We have a two node SQL cluster that has been running for quite some time. We have 4 SQL instances running in the cluster. One day one of them stopped working. The SQL Server Resource is in the failed state and the SQL Server Agent is in the Offline State. The name, Analysis and storage are all Online. We are unable to get the SQL Server Role to start. However, if you were to go into the services on either of the nodes and start the services manually, the run fine on the server (they run locally but still show up as failed in the cluster). Tried rebooting both nodes to reset the cluster, checked logins, and a few other things. Logs aren't very helpful. Any ideas?
SQLAGENT.OUT
2015-07-24 07:59:07 - ? [100] Microsoft SQLServerAgent version 11.0.5343.0 (X64 unicode retail build) : Process ID 14296
2015-07-24 07:59:07 - ? [495] The SQL Server Agent startup service account is DOMAIN\sqlagent_sqlcloud.
2015-07-24 07:59:08 - ? [393] Waiting for SQL Server to recover database 'msdb'...
2015-07-24 07:59:10 - ? [000] Configuration option 'show advanced options' changed from 0 to 1. Run the RECONFIGURE statement to install. [SQLSTATE 01000] (Message 15457) Configuration option 'Agent XPs' changed from 0 to 1. Run the RECONFIGURE statement
to install. [SQLSTATE 01000] (Message 15457) Configuration option 'show advanced options' changed from 1 to 0. Run the RECONFIGURE statement to install. [SQLSTATE 01000] (Message 15457)
2015-07-24 07:59:10 - ? [101] SQL Server SQLCLOUD version 11.00.5343 (0 connection limit)
2015-07-24 07:59:10 - ? [102] SQL Server ODBC driver version 11.00.5058
2015-07-24 07:59:10 - ? [103] NetLib being used by driver is DBNETLIB; Local host server is
2015-07-24 07:59:10 - ? [310] 24 processor(s) and 131038 MB RAM detected
2015-07-24 07:59:10 - ? [339] Local computer is SQLCLOUD running Windows NT 6.2 (9200)

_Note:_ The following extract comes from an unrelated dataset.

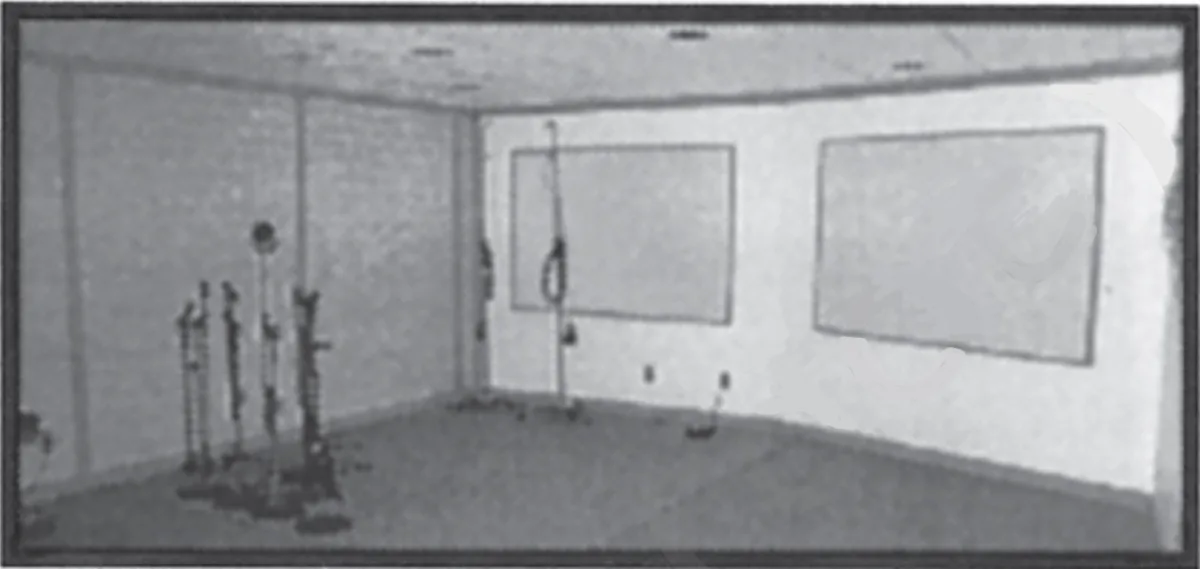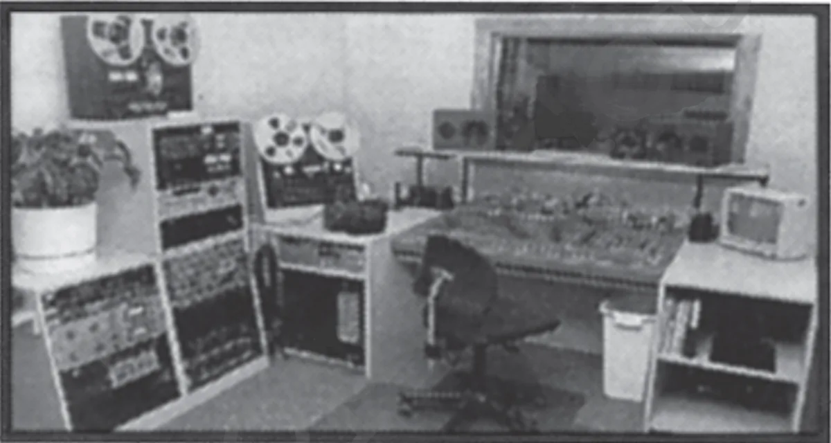 The tracking room and the recording room were separated by a space occupied by a desk, an upright piano and a sofa. The tracking room, with the door closed, was completely isolated from where I ran the session, so couldn't see what went on inside. In order to have visual contact with the band, I bought a closed-circuit TV system for $300 from Costco, installed a fish-eye lens, mounted the camera in a corner of the tracking room, and voila!--I could see the band, but they couldn't see me. No 'band in a fishbowl' vibe. Clients liked being in the tracking room with no-one looking in at them. I was in business at $17 per hour. My first customer was a veterinarian's receptionist who sang along with a Karaoke tape. The thrill of operating a studio was finally mine.

2015-07-24 07:59:11 - ? [432] There are 12 subsystems in the subsystems cache
2015-07-24 07:59:11 - ! [364] The Messenger service has not been started - NetSend notifications will not be sent
2015-07-24 07:59:11 - ? [129] SQLSERVERAGENT starting under Windows NT service control
2015-07-24 07:59:11 - + [475] Database Mail is not enabled for agent notifications.
2015-07-24 07:59:11 - + [396] An idle CPU condition has not been defined - OnIdle job schedules will have no effect
2015-07-24 07:59:11 - + [408] SQL Server MSSQLSERVER is clustered - AutoRestart has been disabled
Cluster Events:
Event ID 1069: Cluster resource 'SQL Server' of type 'SQL Server' in clustered role 'SQL Server (SQLCLOUD)' failed.Based on the failure policies for the resource and role, the cluster service may try to bring the resource online on this node or move the group to another node of the cluster and then restart it. Check the resource and group state using Failover Cluster Manager or the Get-ClusterResource Windows PowerShell cmdlet.
Event ID 1254: Clustered role 'SQL Server (SQLCLOUD)' has exceeded its failover threshold. It has exhausted the configured number of failover attempts within the failover period of time allotted to it and will be left in a failed state. No additional attempts will be made to bring the role online or fail it over to another node in the cluster. Please check the events associated with the failure. After the issues causing the failure are resolved the role can be brought online manually or the cluster may attempt to bring it online again after the restart delay period.
Event ID 1205: The Cluster service failed to bring clustered service or application 'SQL Server (SQLCLOUD)' completely online or offline. One or more resources may be in a failed state. This may impact the availability of the clustered service or application.